Re-Insurance

PartnerRe posts $497m first-quarter profit

  • Emmanuel Clarke: CEO of PartnerRe

Bermudian-based global reinsurer PartnerRe Ltd has reported net income of $497 million for the first quarter of 2019, a vast improvement over the $120 million net loss incurred in the first quarter a year ago.

The company, which is owned by Italian investment company Exor, reported a total investment return of $600 million, or 3.6 per cent, driven by $163 million in net realised and unrealised gains on equities and $280 million net realised and unrealised gains on fixed maturities and short-term investments.

Book value grew 7.9 per cent, or 9.3 per cent adjusted for dividends, compared to the end of the previous quarter on December 31, the company said.

Non-life net premiums written for the quarter were up 24 per cent compared to the first quarter of 2018, driven by a 30 per cent increase in the P&C segment, and a 13 per cent increase in the specialty segment.
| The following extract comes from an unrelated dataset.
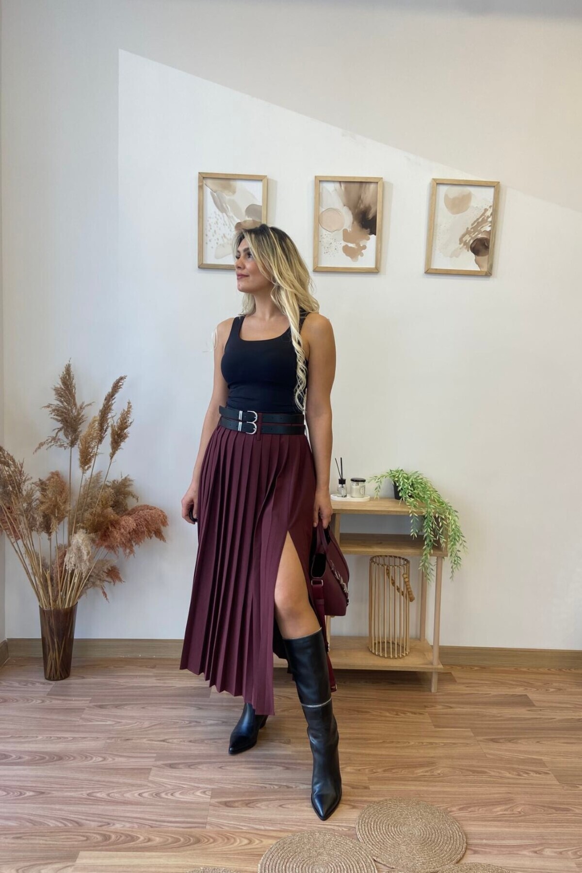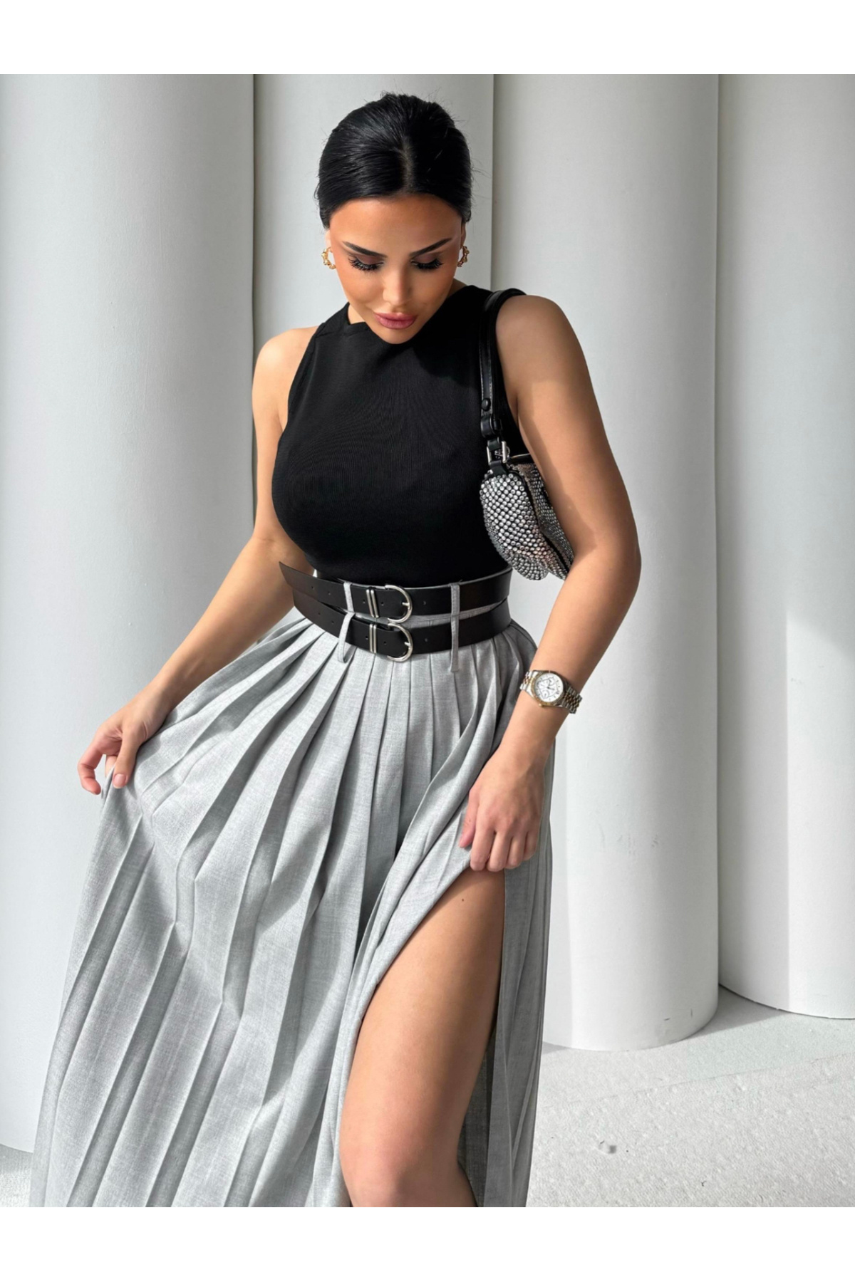 Pamuklu Çift Kemerli Pileli Uzun Yırtmaçlı Etek Pamuklu Çift Kemerli Pileli Uzun Yırtmaçlı Etek L

The non-life underwriting result was a profit of $24 million for the quarter compared to $44 million for the first quarter of 2018. The non-life combined ratio was 97.7 per cent, the company said.

Life and health net premiums written were up 18 per cent in the quarter compared to the first quarter of 2018, primarily driven by organic growth in the life business.

Dividends declared and paid to common shareholders for the quarter were $80 million compared to $48 million for the first quarter of 2018, the company said.

Emmanuel Clarke, PartnerRe’s chief executive officer, said: “In the first quarter of 2019, we delivered strong results in our P&C and life and health segments, and in our investments portfolio, while reporting an underwriting loss in our specialty segment, driven by a combination of mid-sized losses and negative reserve development, and where we are undertaking portfolio actions to improve future underwriting performance.

“Positive momentum continued in our April 1 non-life renewals with business production up double-digits on the back of continued improvements in the overall pricing environment, further solidifying the company’s improved underwriting performance outlook for the remainder of the year.”